Always Ptolemy, referring more specifically to the signs of zodiac, says that the stars: “if they are in tropical signs (cardinal signs) or equinoctial signs (Aries and Libra), indicate generally weather meanings affecting the climate and the corresponding seasons. Nevertheless they indicate, properly, how it grows on earth. And if they are at the vernal equinox  they concern the germination of fruit trees, such as vines, fig tree and what ripens at that time. At the summer solstice they concern the harvest and storage of
crops, but in Egypt, it concerns specifically the growth of the Nile. At the autumnal equinox they concern sowing, fodder and the like. At the winter solstice  vegetables and species of birds or fish that abound in that period. In addition, the equinoctial signs appear as a symptom regarding the sacred rites and the worship of gods; the tropical signs to climate change and the change of political customs; the solid signs (fixed signs) to the foundation and construction; the bicorporeal signs (mutable signs) to men and kings”.

The equinoctial signs (Aries and Libra) are the centre of the exaltation of the Sun and Saturn, and they are connected to the sacred and to the worship of the gods. The solstitial signs (Cancer and Capricorn) are the centre of the exaltation of Jupiter and Mars, they are related to social customs, laws and public life.

For the purposes of interpretation of eclipses and the prediction of general events, such as weather changes, earthquakes, floods, in literature (Angelicus, Laurentianus) there is a list of some stars: the Pleiades, Aldebaran and the Hyades, the stars of northern
parts of Gemini, Apollo and Heracles (also known as Castor, the very brilliant, and Pollux, the bright white), of Cancer the Crib and the Donkeys, of Scorpio the area of the sting (M7), the nebula and Antares, of Aquarius the stars of the water cascade (ψ 1-2-3 Aquarii).

Among the constellations also the “nebulae” played an important role, and they only partly correspond to the stars that in the current times are defined astronomically as nebulae. The nebulae are characterized by a difficult visual resolution. As a result in ancient times the consequence was that as well as the star has a veil that covers it and that does not allow a clear view of the same, equally it obscures and removes clarity to the quality of the inherent characteristics.

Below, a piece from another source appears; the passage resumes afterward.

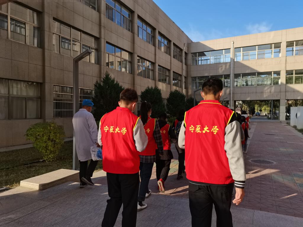 宁夏的疫情,时刻牵动着大家的心,也牵动着我们宁大学子的心。疫情就是命令,防控就是责任。作为一名学生志愿者,一名入党积极分子,在志愿招募第一时间,我就毫不犹豫地报名参加了我校第一、二轮的核酸检测志愿工作。同时作为一名青年大学生,我认为保护家乡、保护人民的安全从来都是我们义不容辞的责任与义务。十月的宁夏秋风萧瑟,落叶飘零,但十月的宁夏,也人心涌动,暖意盎然。希望我们的小小行动,能够化作大大的力量,传递温暖。

According to this view some nebulous stars and all the Milky Way, where they concerned the physical body, they were considered harmful and meant a sight damage.

To this end at the time of birth it was important to observe the possible union among the Moon and some stars such as the Crib – the Crab Nebula – the Pleiades – the stars of Taurus – the bow of Sagittarius, the sting of Scorpio, the parts of the Lion close to the Coma Berenices, the Urn of Aquarius. In a general sense, it was believed that the Milky Way, on the degree of the ascendant, could indicate a “perturbation” of the soul of the individual and contribute to the conditions that were observed for visual disturbances. Among the parts of the sky where the Milky Way intersects the ecliptic there are the degrees from 22° of Gemini to 4° of Cancer; from 15° to 22° of Sagittarius; from 5° to 8° of Capricorn.

Instead the great stars, the bright stars known as the heart of the constellation were related to heart disease. In particular, among the more important stars we have the heart of the constellation Taurus, the star Aldebaran (the eye of Taurus); the constellation Leo, the star Regulus (the heart of the Lion); and, in the constellation Scorpius, the star Antares (the heart of the Scorpio).

In several works the stars Azemena are mentioned and they are considered dangerous to physical health: the group of the Pleiades and Aldebaran, the Crib (Praesepe) and Donkeys (Aselli), Denebola (cauda Leonis), the Coma Berenices (Comae Berenicis), the stars of the forehead of the Scorpio (β, δ, κ), its feet (ν Scorpij) and its sting (M7), the bow of Sagittarius (nebula M8), the eye of Sagittarius (ν1, ν2 Sagittarij), the tail of Capricorn (spina Capricorni: ε – κ), the urn of Aquarius (ψ 1-2-3 Aquarii: the roar of water).